Learning how to effectively market your unique competitive advantage is what will put your name out there, ultimately leading to more opportunities. Instead of our usual post format, I’m going to offer some advice on how to create a brand to land that dream job. This first issue will highlight the elements of a portfolio.
The Perfect Portfolio
The recruitment process has changed thanks to social media. Working in almost every industry now commands some type of positive online presence, especially in digital media. Having a website that showcases your talent is essential to leverage your creative advantage over the other professionals. Fortunately for everyone who isn’t a design ninja, there are marketplaces like Themeforest that sell high quality designs in multiple formats. Also be sure to check out also some sites created by digital media students at Cogswell.
Leaving a lasting first impression is important, preferably that impression is positive, less you may end up looking like these guys. Homepage designs now usually contain specific elements (featured projects, notable clientele) to give that WOW factor. The general trend is to use bold typography and graphics similar to what WorryFreeLabs did with their site.
9 out of 10 times a visitor will hire you based just on the content and design of your website, so why leave out what makes you unique? Can you image any car commercial that isn’t listing off enticing features and how it’s the best in its class? Probably not. Although there are extremes, due to information being accessible online, it’s safe to assume that any information posted will be checked to legitimacy.
There are several options in how to list out what you do, Abstract and Concrete. Abstract would be listing out tech jargon like HTML5/CSS3, W3C compliant code, AJAX. Concrete tends to tell a story; “We hand code our sites using code that looks awesome in all current browsers. We make things look good, naturally.” usually fits the overall brand’s image. The latter tends to be used by agencies and designers where the majority of projects involve startups. In the example of WorryFreeLabs, they used a more abstract approach:
WORRY FREE LABS IS A USER INTERFACE DESIGN FIRM, ESTABLISHED IN 2005 & BASED IN AUSTIN,TX.

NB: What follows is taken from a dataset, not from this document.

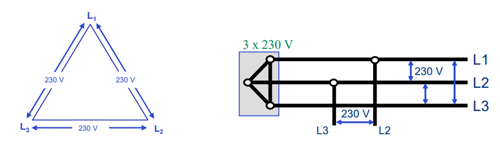 La tension maximum possible n’est donc que de 230 V entre chaque ligne comme vous pouvez le voir sur l’illustration ci-dessous.

WE PROVIDE THE FOLLOWING SERVICES:
- Information architecture
- User interface design
Try to keep your portfolio current, a stale portfolio can turn away a potential employer. This does not mean to dump out your good pieces if they are outside the 6 month window, just make sure you add what you’ve been working on. Even if they’re [high quality] personal projects, this shows your viewer that you are keeping active in the community.
Have a gallery of some sort on a project page that highlights key aspects of the project. In a web design project, some images may draw attention to styling or coding that stands out. If you received one, any testimonials that the client gave can be highlighted along with a project brief and what processes were used to complete the project.
Showcasing clients isn’t a must. Generally recent graduates haven’t collaborated with clients yet, which make the client section optional. As you mature in your field, it is recommended to show off whom you’ve worked with.
How websites utilize this element varies. Some prefer to have a form to allow visitors to easily send an inquiry, while others like to keep that for the contact page.
Social media isn’t just for talking to friends. A quick Google search of your name can quickly so how importing it is to keep up a positive social media presence. This can happen by watching out for what you post, but if you still want to upload pictures from last nights party that’s also fine. Sites like Facebook allow for strict privacy settings that hide your profile to non-friends. A simple way to check how your social media image looks is by logging out then view your profile.
Arguably one of the most standard sections on a page, the footer holds important information; Copyright info, where to get in contact, and now things like twitter updates. Even Cogswell’s site has a functional footer.
There are tons of resources to gather information on how-to’s, inspiration and design showcases, even free code snippets. Here’s an image of the site with the elements numbered, and we encourage anyone who’s created their site to share a their experiences in designing it.
What do you think?
The standards for designing a portfolio has changed in the last 3 years. It wasn’t that long ago that every designer’s site was built on flash. What trends have you seen gain popularity since HTML5?